▸ **DIRECTIONS FOR THIS TASK**
Could you show each line of the records that contains the word "also"?

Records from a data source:
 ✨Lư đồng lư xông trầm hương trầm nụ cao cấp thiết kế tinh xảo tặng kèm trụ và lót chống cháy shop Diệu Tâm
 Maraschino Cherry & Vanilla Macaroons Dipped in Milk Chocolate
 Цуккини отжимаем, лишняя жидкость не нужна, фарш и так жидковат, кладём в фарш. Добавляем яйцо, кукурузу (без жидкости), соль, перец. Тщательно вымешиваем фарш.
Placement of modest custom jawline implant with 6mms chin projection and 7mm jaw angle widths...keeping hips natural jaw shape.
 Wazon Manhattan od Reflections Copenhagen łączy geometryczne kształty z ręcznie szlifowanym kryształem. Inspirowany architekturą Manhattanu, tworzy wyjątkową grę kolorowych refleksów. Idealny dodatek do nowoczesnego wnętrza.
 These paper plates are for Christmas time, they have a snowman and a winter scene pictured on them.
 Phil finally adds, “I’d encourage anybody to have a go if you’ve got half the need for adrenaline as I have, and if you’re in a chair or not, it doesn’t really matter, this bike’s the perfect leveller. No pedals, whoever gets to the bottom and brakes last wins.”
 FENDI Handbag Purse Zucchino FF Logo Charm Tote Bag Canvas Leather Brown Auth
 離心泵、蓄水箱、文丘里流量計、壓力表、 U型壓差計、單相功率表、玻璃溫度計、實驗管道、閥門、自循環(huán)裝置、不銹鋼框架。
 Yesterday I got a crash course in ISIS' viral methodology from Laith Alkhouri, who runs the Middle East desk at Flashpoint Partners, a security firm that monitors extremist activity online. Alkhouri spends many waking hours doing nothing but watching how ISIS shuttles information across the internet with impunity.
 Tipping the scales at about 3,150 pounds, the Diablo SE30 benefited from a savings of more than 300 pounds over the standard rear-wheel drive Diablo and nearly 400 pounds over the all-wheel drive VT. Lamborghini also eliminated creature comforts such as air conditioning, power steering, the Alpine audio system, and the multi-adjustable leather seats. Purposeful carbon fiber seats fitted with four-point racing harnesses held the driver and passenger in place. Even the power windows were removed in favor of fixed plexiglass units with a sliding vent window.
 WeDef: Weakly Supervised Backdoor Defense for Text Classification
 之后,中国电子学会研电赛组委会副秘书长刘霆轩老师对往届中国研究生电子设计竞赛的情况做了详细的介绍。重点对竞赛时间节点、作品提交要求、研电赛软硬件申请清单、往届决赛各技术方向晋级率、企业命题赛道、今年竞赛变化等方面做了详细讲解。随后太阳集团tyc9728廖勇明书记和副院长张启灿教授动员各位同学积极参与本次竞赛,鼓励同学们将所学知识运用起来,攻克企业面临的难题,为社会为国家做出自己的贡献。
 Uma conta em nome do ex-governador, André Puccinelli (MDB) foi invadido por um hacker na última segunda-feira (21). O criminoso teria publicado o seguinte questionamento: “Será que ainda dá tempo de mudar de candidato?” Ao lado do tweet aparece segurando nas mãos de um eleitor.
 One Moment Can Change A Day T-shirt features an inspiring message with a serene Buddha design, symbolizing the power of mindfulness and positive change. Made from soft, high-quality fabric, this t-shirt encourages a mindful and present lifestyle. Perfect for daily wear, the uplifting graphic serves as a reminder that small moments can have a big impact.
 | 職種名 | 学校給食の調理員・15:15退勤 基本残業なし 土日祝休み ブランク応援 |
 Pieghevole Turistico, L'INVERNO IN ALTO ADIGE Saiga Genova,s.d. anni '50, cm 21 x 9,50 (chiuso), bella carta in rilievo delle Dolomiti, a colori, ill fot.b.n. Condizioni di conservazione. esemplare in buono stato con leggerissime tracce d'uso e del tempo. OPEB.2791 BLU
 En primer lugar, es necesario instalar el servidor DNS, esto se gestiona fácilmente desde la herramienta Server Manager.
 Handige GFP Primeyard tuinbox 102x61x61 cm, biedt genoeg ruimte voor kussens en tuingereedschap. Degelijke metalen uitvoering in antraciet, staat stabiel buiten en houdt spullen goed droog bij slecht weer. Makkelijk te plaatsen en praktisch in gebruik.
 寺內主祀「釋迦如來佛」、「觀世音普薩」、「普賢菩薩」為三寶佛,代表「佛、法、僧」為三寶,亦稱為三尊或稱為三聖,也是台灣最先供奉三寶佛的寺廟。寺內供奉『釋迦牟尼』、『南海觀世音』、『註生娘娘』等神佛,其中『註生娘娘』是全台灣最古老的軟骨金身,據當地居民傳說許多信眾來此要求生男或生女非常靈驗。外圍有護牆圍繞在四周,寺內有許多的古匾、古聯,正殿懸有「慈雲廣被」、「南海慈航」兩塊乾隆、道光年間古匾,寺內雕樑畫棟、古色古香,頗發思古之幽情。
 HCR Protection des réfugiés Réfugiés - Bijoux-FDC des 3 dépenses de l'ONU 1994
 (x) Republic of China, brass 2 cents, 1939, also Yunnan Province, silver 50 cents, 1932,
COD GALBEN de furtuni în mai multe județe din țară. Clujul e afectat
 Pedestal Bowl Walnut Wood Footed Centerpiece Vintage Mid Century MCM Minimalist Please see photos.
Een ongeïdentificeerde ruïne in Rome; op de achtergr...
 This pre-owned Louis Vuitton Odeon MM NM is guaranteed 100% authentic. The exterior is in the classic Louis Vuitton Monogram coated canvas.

▸ **TASK ANSWER**
 Tipping the scales at about 3,150 pounds, the Diablo SE30 benefited from a savings of more than 300 pounds over the standard rear-wheel drive Diablo and nearly 400 pounds over the all-wheel drive VT. Lamborghini also eliminated creature comforts such as air conditioning, power steering, the Alpine audio system, and the multi-adjustable leather seats. Purposeful carbon fiber seats fitted with four-point racing harnesses held the driver and passenger in place. Even the power windows were removed in favor of fixed plexiglass units with a sliding vent window.
 (x) Republic of China, brass 2 cents, 1939, also Yunnan Province, silver 50 cents, 1932,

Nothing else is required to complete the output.